In her haunting, lyrical debut memoir, acclaimed Indigenous activist and writer Helen Knott – recipient of a 2019 RBC Taylor Prize Emerging Author honour – sheds light on her addiction and mental health struggles, providing a frank and unflinching look at a young woman’s emotional journey to reclaim her heritage and self.
Raised in a loving family that nonetheless struggled with its own ghosts – an alcoholic mother, a father who dealt with his family’s troubles by working long hours and leaving his children to weather home life alone – Knott’s life as a young Indigenous woman falls into disarray in her teens, as the spectre of childhood sexual abuse rears its head in a vicious cycle of rape and substance misuse. The cycle culminates in Knott, as a young twentysomething, fleeing her parents and young son to seek oblivion in Edmonton. It is here, helped by the grace and love of friends old and new, that Knott unexpectedly manages to find her own path forward once again.

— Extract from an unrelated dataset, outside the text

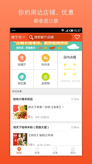 1.您的周边店铺、优惠,都收进口袋2.在家、公司动动手指,轻松订外卖

Knott is a powerful stylist who uses the cyclical nature of story to her fullest advantage, gradually revealing the catalyst for her own descent in a manner at once gripping and gentle. It comes as no surprise to read about the impact of Knott’s activist work: her journey to Sweden to speak at the United Nations on Canada’s treatment of Indigenous peoples and a recounting of her time in South America building a school are testaments to the writer’s ability to let both belief and despair propel her as she moves through the world. Her journey toward reclamation and the full embrace of her identity as a Dane Zaa and Nehiyaw woman is likewise tender and complex, and the empathy Knott ultimately extends toward herself speaks to the power in her voice, and the power of her ancestors, in a way that’s genuinely thrilling.
In My Own Moccasins is an incredibly forceful and moving book, the embodiment of what it means to reconcile, both with oneself and with others.